Para la reunión de grupo
- ¿Qué está viviendo Job que le hace decir las palabras que escuchamos de su boca?
- Ante el dolor y los problemas, ¿somos capaces de acompañar y respetar a los otros o simplemente respondemos con frases aprendidas frías e indiferentes?
- ¿Cómo se observa en nuestro entorno la manipulación que se hace del mensaje de Jesús en beneficio de personas o grupos?
- ¿Cómo podemos desarrollar en nuestro grupo la libertad de anunciar el Evangelio, sin manipulaciones ni intereses egoístas?
- ¿En qué gestos concretos nos hacemos cercanos a los hermanos que sufren o están marginados de la sociedad?

Para la oración de los fieles
- Por quienes sufren el hambre, la guerra y el abandono para que encuentren en los cristianos personas capaces de acompañar y comprometerse en el mejoramiento de su vida.
- Por las Iglesias de Jesús para que defiendan cada día la libertad ante cualquier forma de poder o manipulación para que puedan ser autenticas servidoras de la vida.
- Para que en las Iglesias se supere toda forma de exclusión, dominio, o alejamiento de la vida y las necesidades de las personas.
- Para que la evangelización, la catequesis, el servicio pastoral, el apostolado... sea siempre, en la Iglesia de Jesús, algo que brota del entusiasmo y se hace por vocación generosa, y no por oficios pastorales remunerados apetecibles económicamente.

Oración comunitaria
Padre creador, que escuchas y atiendes los clamores de la humanidad, y que en Jesús nos mostraste el proyecto de Bondad y libertad para tus hijos e hijas.
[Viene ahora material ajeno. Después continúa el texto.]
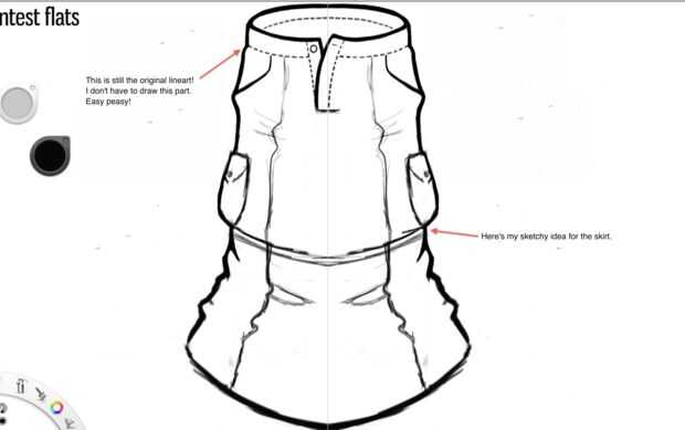 Luego te hacen una segunda capa y esbozar mi idea de la falda. Te conecto mi bosquejo con el lineart en la parte superior, con un pincel de lápiz negro. No estoy demasiado preocupado por lo que se vea bien. Sólo estoy tratando de averiguar primero mi idea!
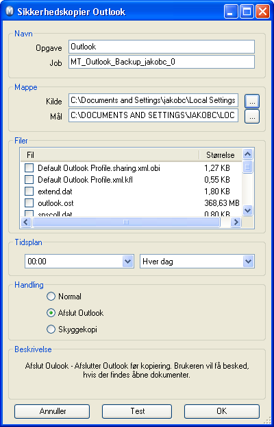 I feltet Kilde tilføjer du mappen, hvor Microsoft Outlook-filen (eller filerne) ligger. På en almindelig installation af Microsoft Outlook er dette normalt C:\Documents and Settings\User Name\Local Settings\Application Data\Microsoft\Outlook.
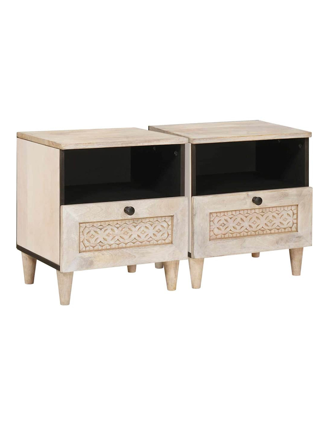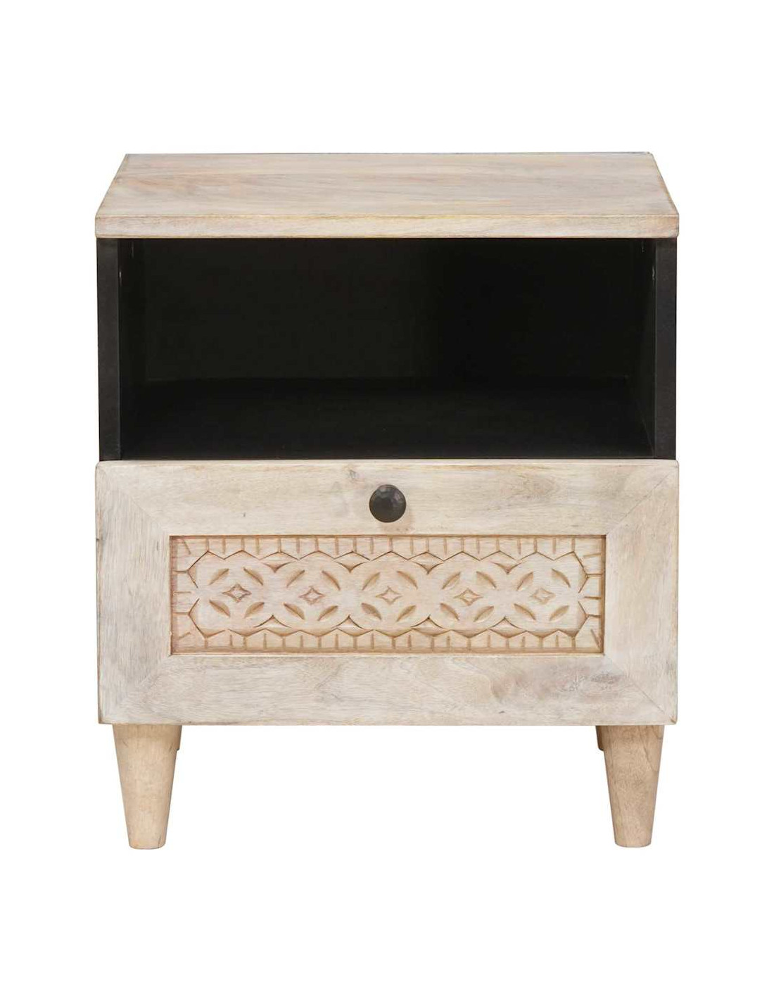 - Materiale in Legno Massello di Mango Questo tavolo è costruito con legno di mango di alta qualità, che gli dà resistenza e un bel look rustico. È noto per la sua durata, e il legno di mango mantiene questo pezzo sempre in forma anche con l'uso quotidiano. Inoltre, le venature naturali rendono ogni tavolo unico, aggiungendo carattere al tuo spazio. È robusto abbastanza da tenere tutti i tuoi must-have da comodino.
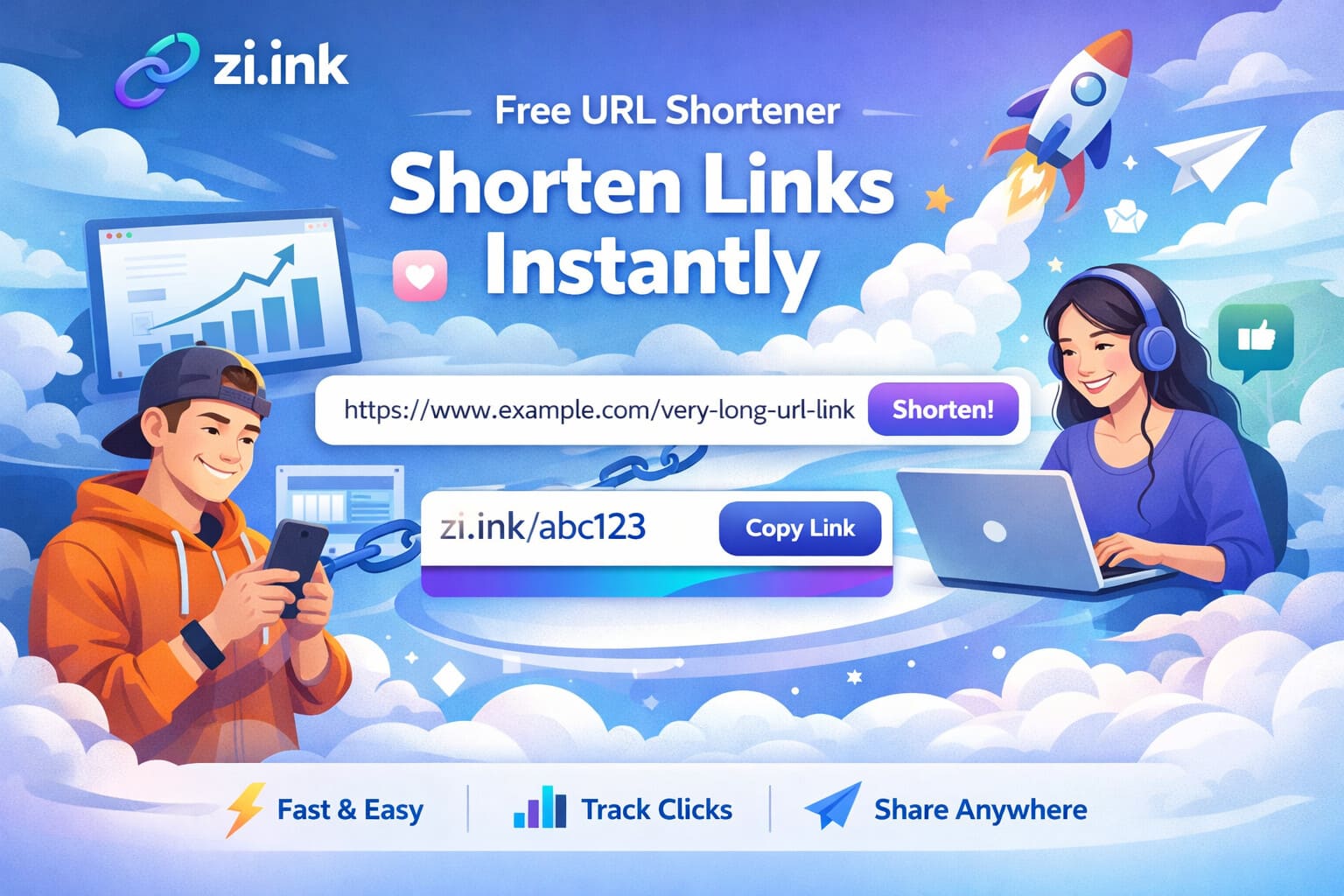 zi.ink/your-campaign - Click "Shorten URL" to generate your short link instantly
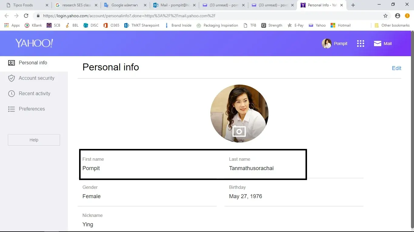 I have tried to change the surname in my account profile, it's easily editing, thanks. The problem was Yahoo still remembered the old one and still displayed the old surname in all related fields. All screen captions provided in the attachment.
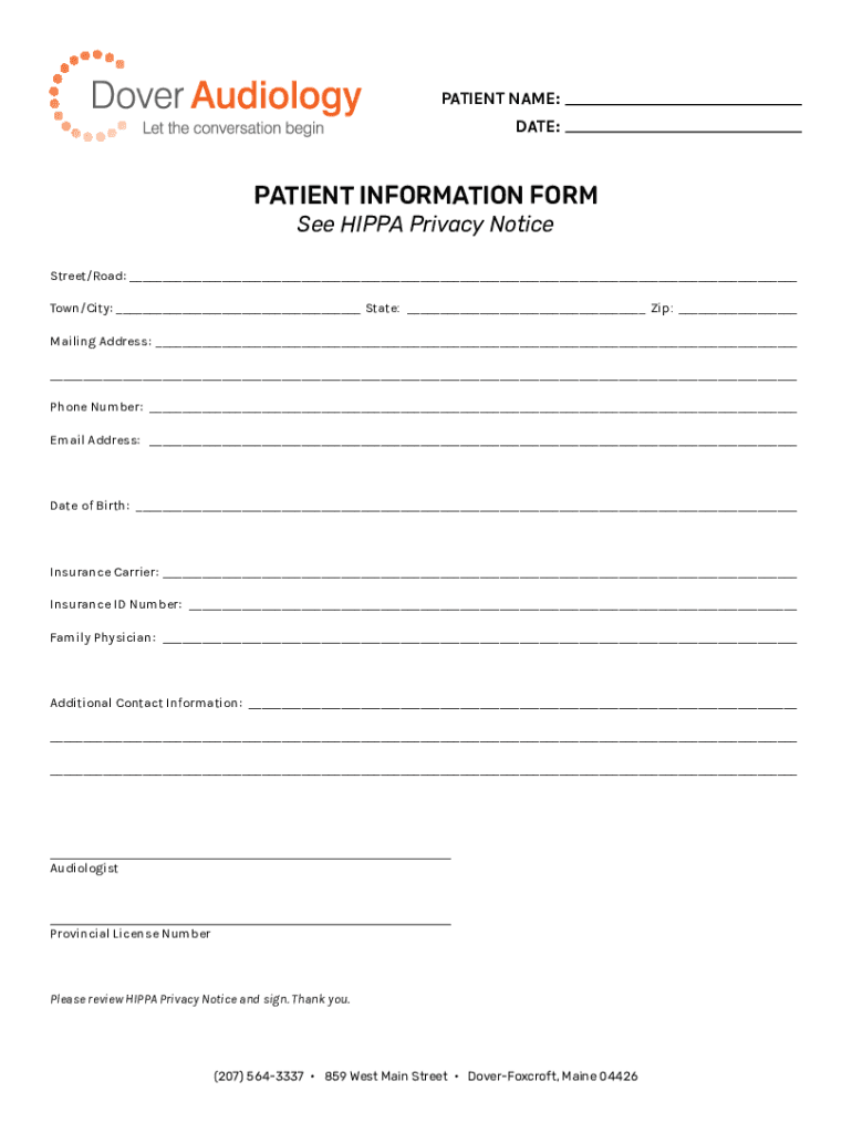 PATIENT NAME:DATE:PATIENT INFORMATION FORM See HIPPO Privacy NoticeStreet/Road: Town/City: State: Zip: Mailing Address: Phone Number: Email Address: Date of Birth: Insurance Carrier: Insurance ID

Haz de nosotros creyentes audaces, que libres de todo afán de dominio o ganancia, sepamos ser servidores de todos, especialmente de tus hijos solos y abandonados. Que seamos constructores de un mundo sin exclusiones en el que todos y todas quepamos con igual dignidad e iguales oportunidades, para que la humanidad y la creación que sufre pueda también un día levantarse, y realizarse plenamente en paz y bienestar. Tú que vives y amas por los siglos de los siglos.